I created the partition on the external drive with gparted; gparted reported it the already have several gigabytes in used space immediately after the partitions creation - I thought at the time that this must be normal.

The home partition contains many files of all sorts, including lots of big audio and video files. If you are wondering, for all my important files this external disk is only secondary backup, as they are also backed up to the "internet".

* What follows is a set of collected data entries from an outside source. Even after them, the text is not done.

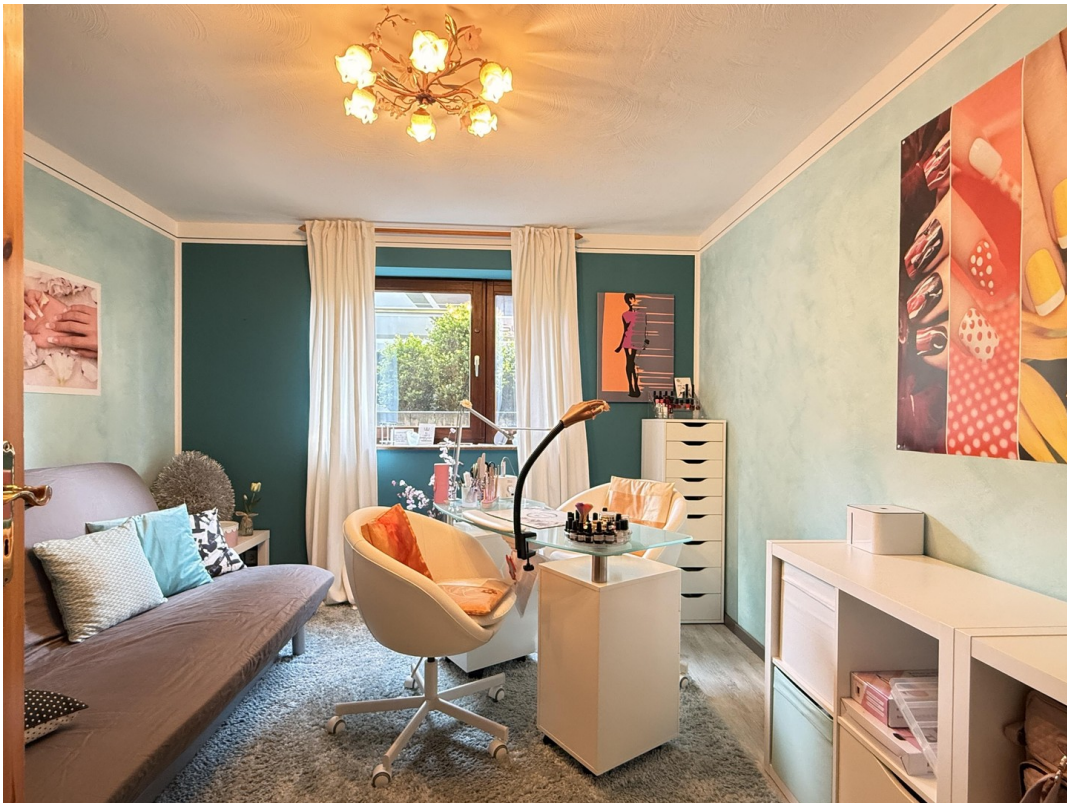
UG Gäste 1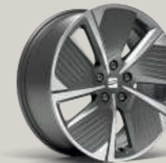
18"-LEICHTMETALLFELGE AERO-DESIGN I IN ATOM GRAU, GLANZGEDREHT² FR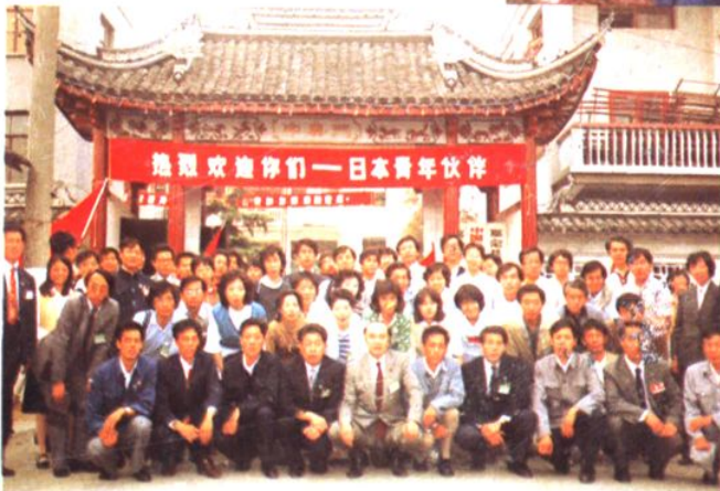
1984年9月,日本青年访华团来乡参观访问

These are the mount points :
/mnt/tmp/ : home partition, /dev/sdb6
/mnt/external/ : external partition, /dev/sdc1

I used rsync to copy the files, I know there are more efficient ways to do this, but I wanted to use the same command that I will subsequently run to sync the backup.
rsync -av --progress --stats --recursive --perms --links --delete /mnt/tmp/ /mnt/external/

Next I tried adding the --sparse switch, as I was wondering if the problem may come form sparse files. I don't know however if rsync would go back and shrink the sparse file by just adding the switch and executing the command. I also added --one-file-system, for good measure. Here is what I ran next :
rsync -av --progress --stats --sparse --one-file-system --recursive --perms --links --delete /mnt/tmp/ /mnt/external/

I tried an fsck on the home partition :
fsck -f /dev/sdb6

This is the output from the last rsync :
rsync: writefd_unbuffered failed to write 4 bytes to socket [sender]: Broken pipe (32)
rsync: write failed on "abcd.avi": No space left on device (28)
rsync error: error in file IO (code 11) at receiver.c(302) [receiver=3.0.6]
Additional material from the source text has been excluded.